GIVEN INFORMATION →
=-=-=-=-=

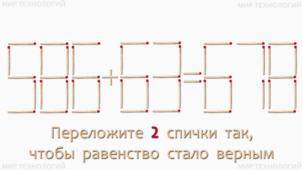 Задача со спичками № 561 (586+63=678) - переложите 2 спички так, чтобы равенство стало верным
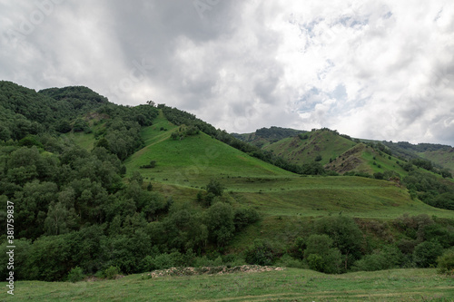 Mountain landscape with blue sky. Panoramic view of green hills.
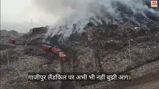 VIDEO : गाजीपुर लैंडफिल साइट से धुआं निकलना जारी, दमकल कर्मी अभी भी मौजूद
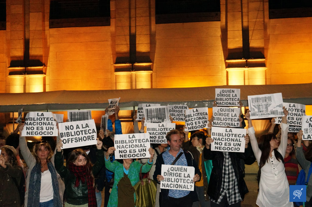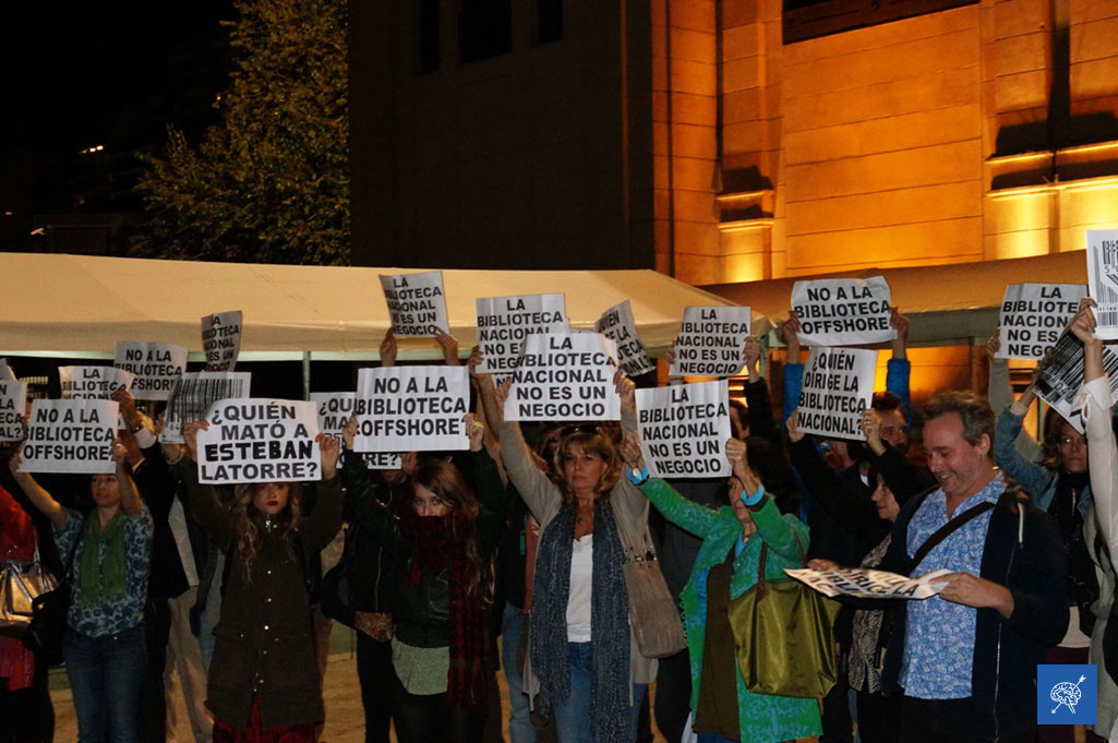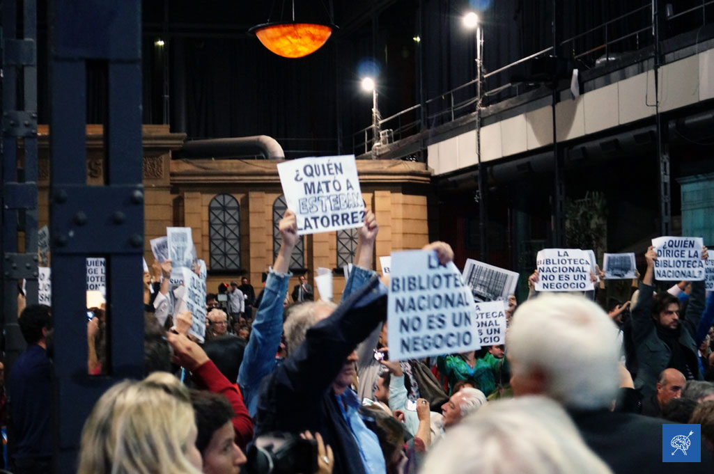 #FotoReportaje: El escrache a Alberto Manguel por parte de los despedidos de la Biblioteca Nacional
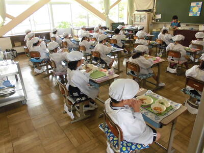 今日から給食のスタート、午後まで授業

=-=-=-=-=

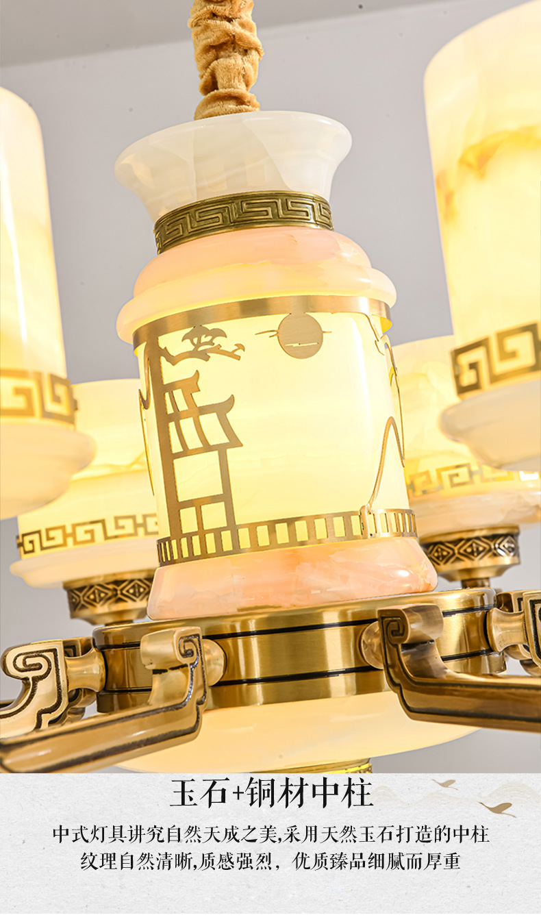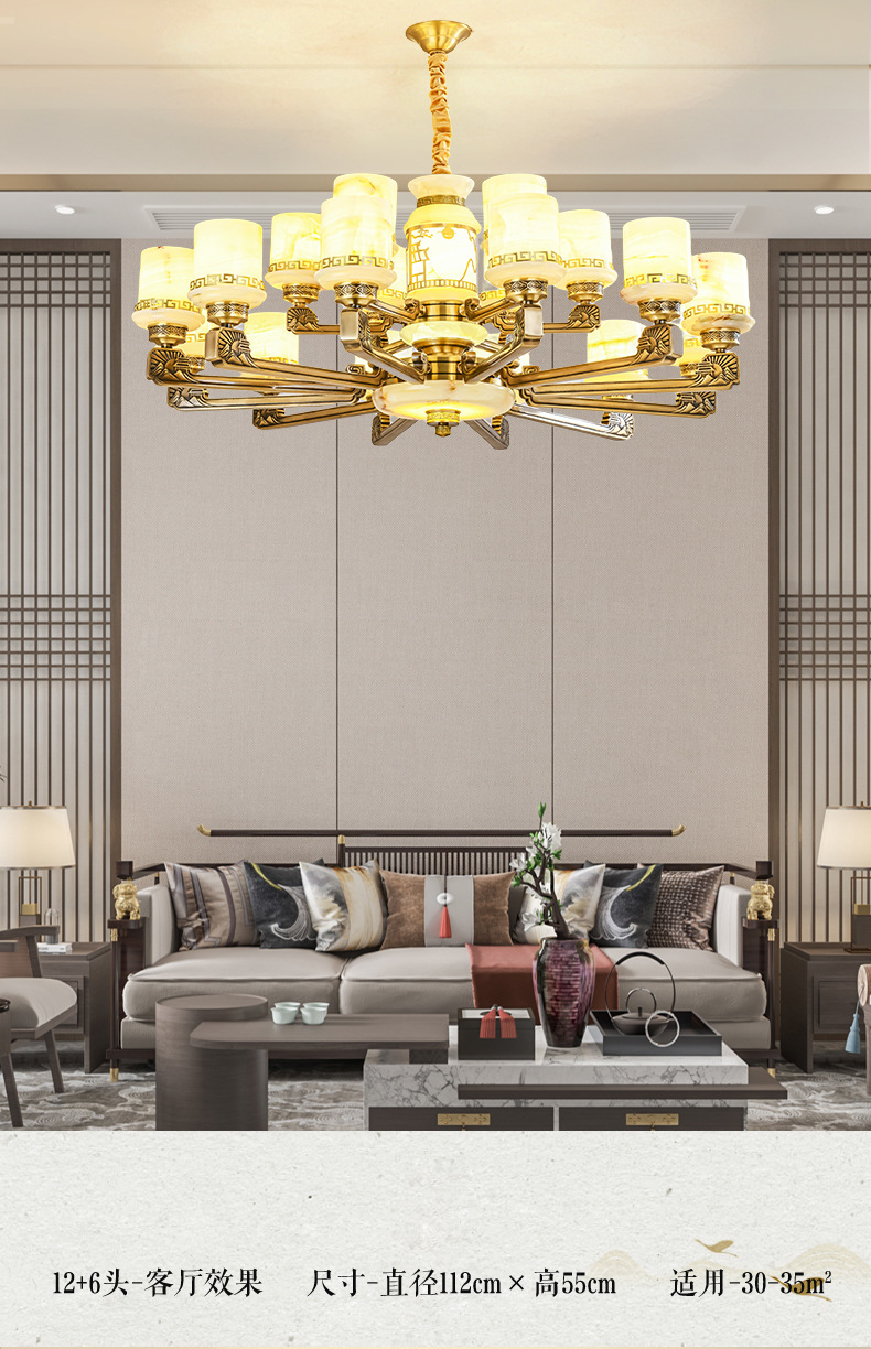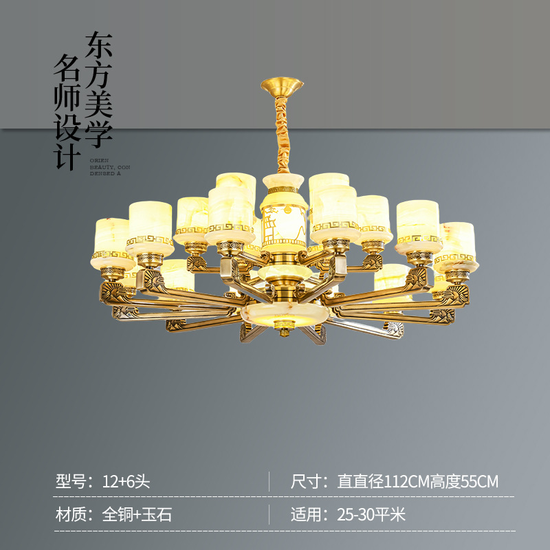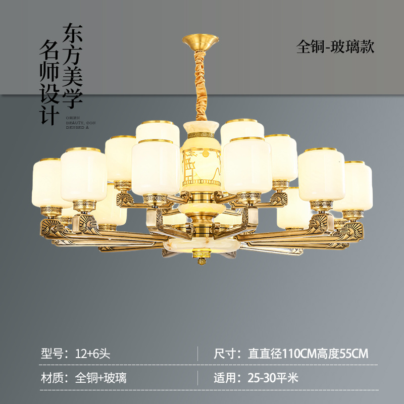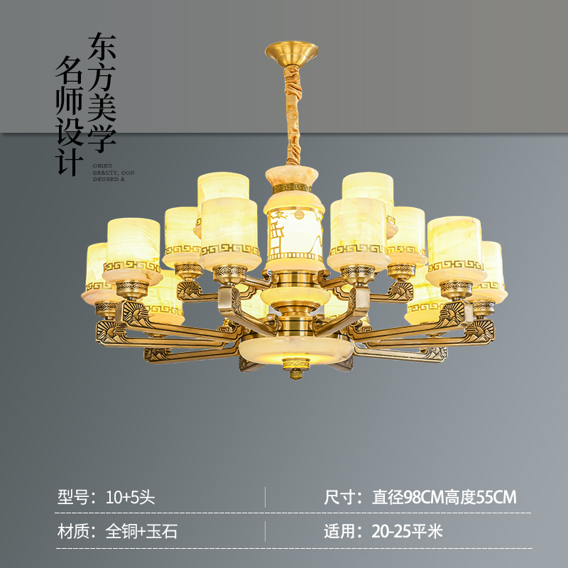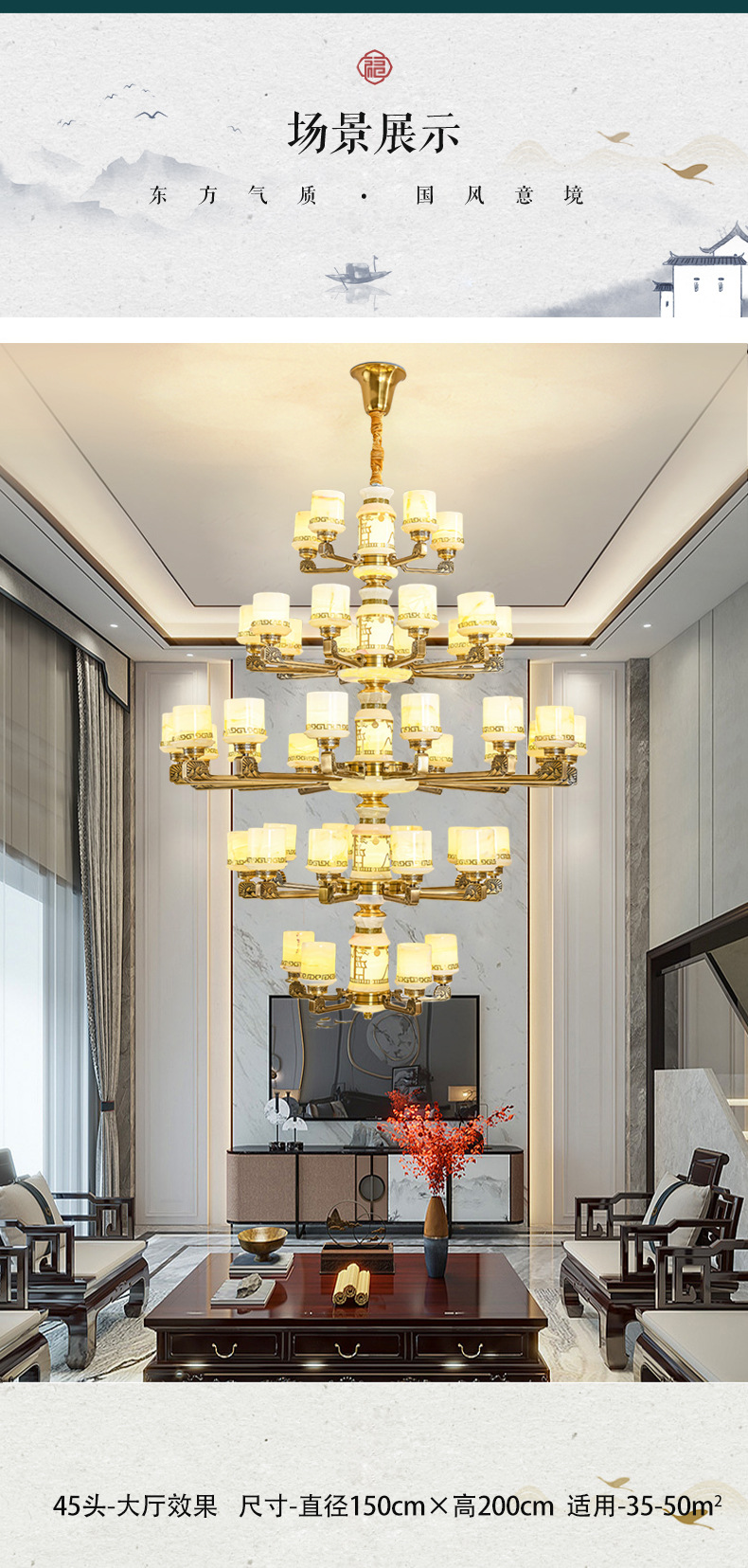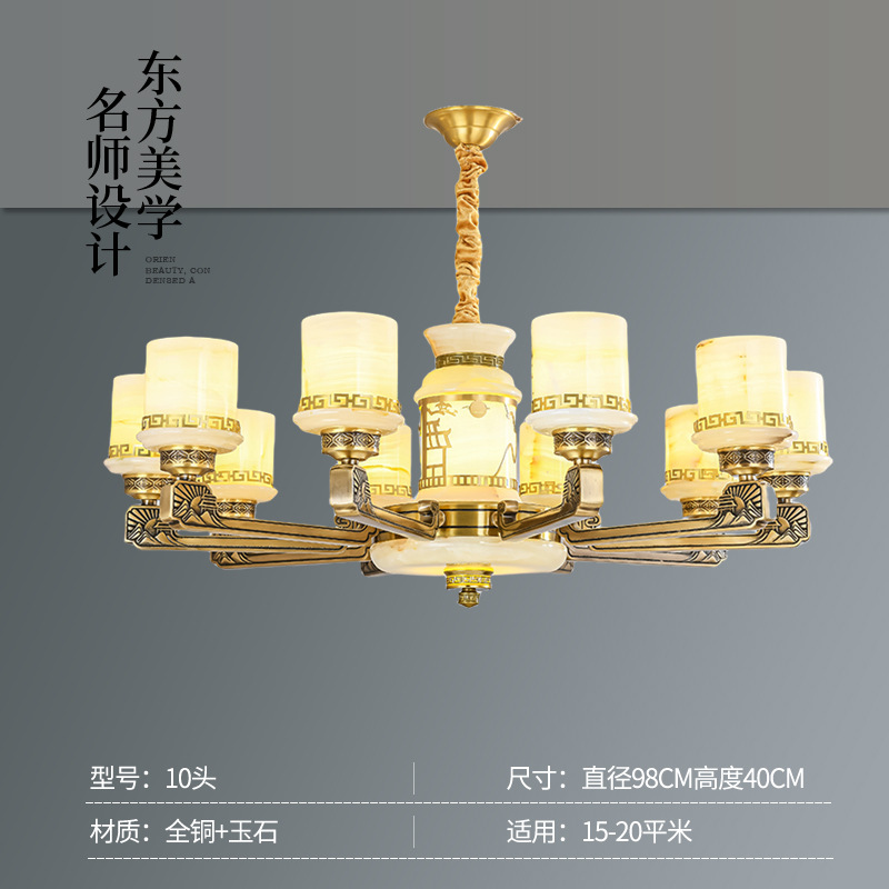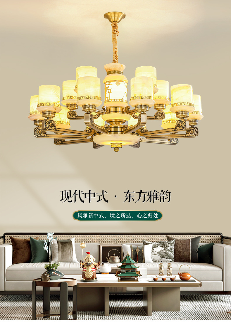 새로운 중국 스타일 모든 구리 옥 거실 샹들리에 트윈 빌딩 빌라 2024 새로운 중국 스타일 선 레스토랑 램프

=-=-=-=-=

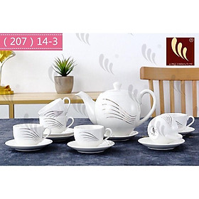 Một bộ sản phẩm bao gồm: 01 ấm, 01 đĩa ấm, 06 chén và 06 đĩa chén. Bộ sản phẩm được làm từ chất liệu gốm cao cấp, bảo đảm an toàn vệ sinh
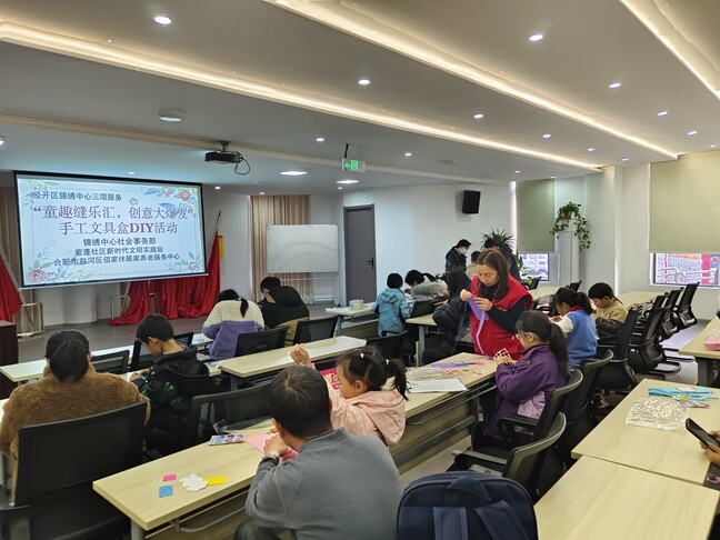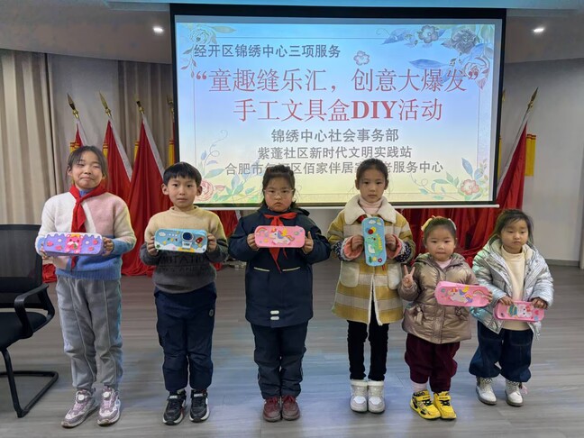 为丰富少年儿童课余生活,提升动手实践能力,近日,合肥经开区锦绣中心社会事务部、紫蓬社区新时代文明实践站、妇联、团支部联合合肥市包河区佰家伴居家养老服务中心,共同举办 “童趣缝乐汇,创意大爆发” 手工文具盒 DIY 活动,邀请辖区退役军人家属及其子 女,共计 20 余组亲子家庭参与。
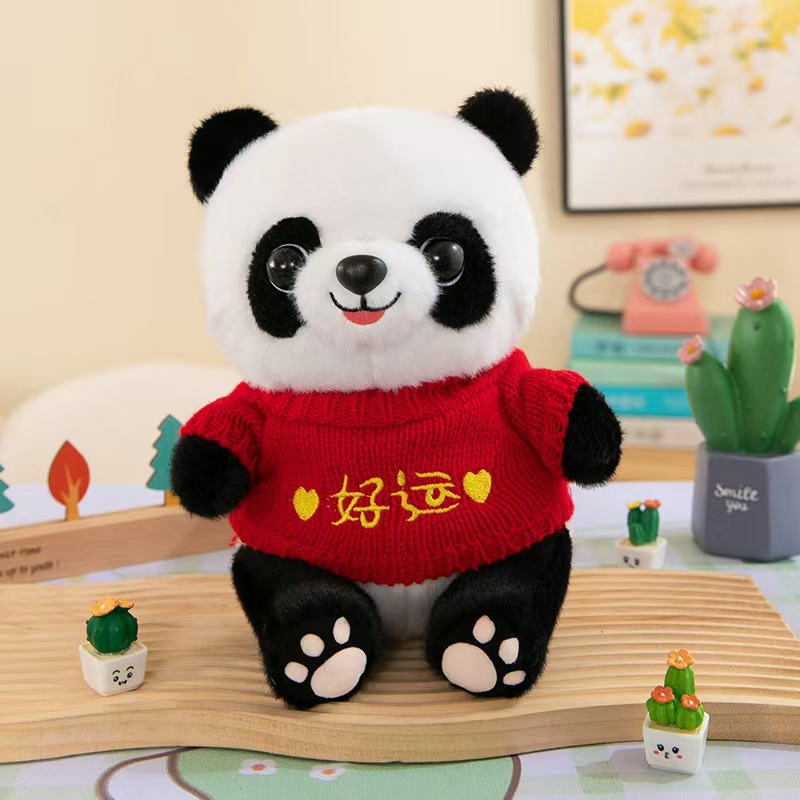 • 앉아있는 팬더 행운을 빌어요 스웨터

=-=-=-=-=

DIRECTIONS FOR THIS TASK → Among the entries above, locate the line with "Задача со спичками" and the line with "今日から給食のスタート、午後まで授業". Give those two lines and all lines between them again, exactly, leaving out the pictures.

ANSWER BELOW →
 Задача со спичками № 561 (586+63=678) - переложите 2 спички так, чтобы равенство стало верным
 Mountain landscape with blue sky. Panoramic view of green hills.
 VIDEO : गाजीपुर लैंडफिल साइट से धुआं निकलना जारी, दमकल कर्मी अभी भी मौजूद
 #FotoReportaje: El escrache a Alberto Manguel por parte de los despedidos de la Biblioteca Nacional
 今日から給食のスタート、午後まで授業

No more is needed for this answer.